* _Supplied material_:

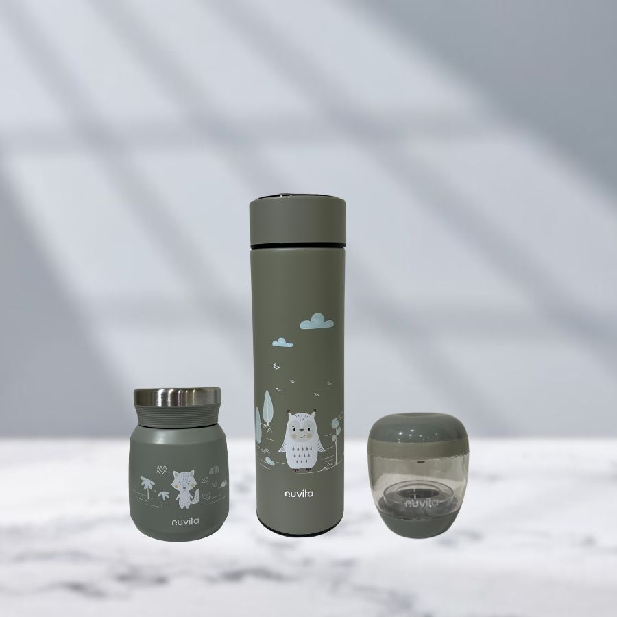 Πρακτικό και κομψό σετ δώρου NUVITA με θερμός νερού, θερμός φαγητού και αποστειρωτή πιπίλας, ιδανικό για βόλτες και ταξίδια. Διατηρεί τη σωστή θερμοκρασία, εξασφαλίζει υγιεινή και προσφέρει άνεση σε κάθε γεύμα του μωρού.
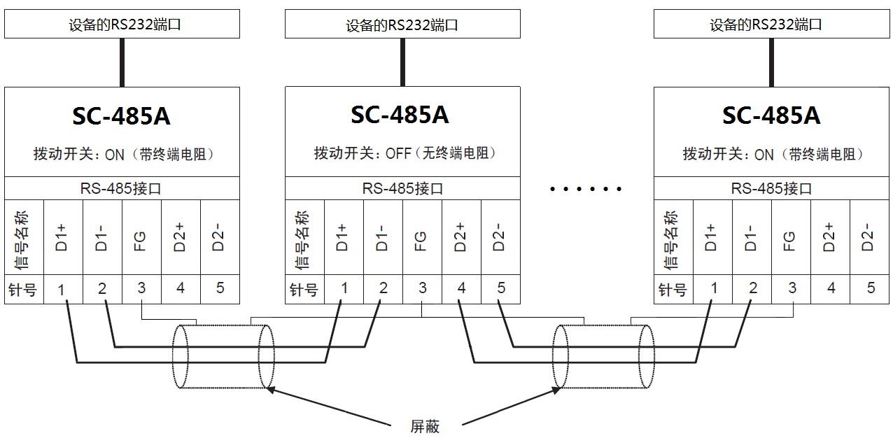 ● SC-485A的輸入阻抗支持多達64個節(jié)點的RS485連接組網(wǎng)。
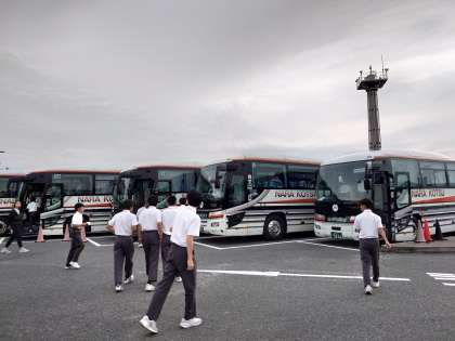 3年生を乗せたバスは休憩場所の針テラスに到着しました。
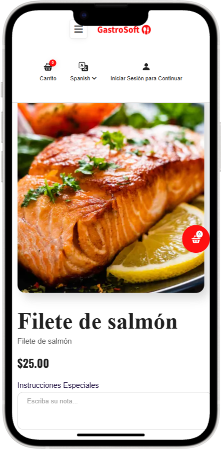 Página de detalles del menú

* _What to produce_: Transcribe the whole listing exactly as it stands, apart from the pictures.

* _Solved exercise_:
 Πρακτικό και κομψό σετ δώρου NUVITA με θερμός νερού, θερμός φαγητού και αποστειρωτή πιπίλας, ιδανικό για βόλτες και ταξίδια. Διατηρεί τη σωστή θερμοκρασία, εξασφαλίζει υγιεινή και προσφέρει άνεση σε κάθε γεύμα του μωρού.
 ● SC-485A的輸入阻抗支持多達64個節(jié)點的RS485連接組網(wǎng)。
 3年生を乗せたバスは休憩場所の針テラスに到着しました。
 Página de detalles del menú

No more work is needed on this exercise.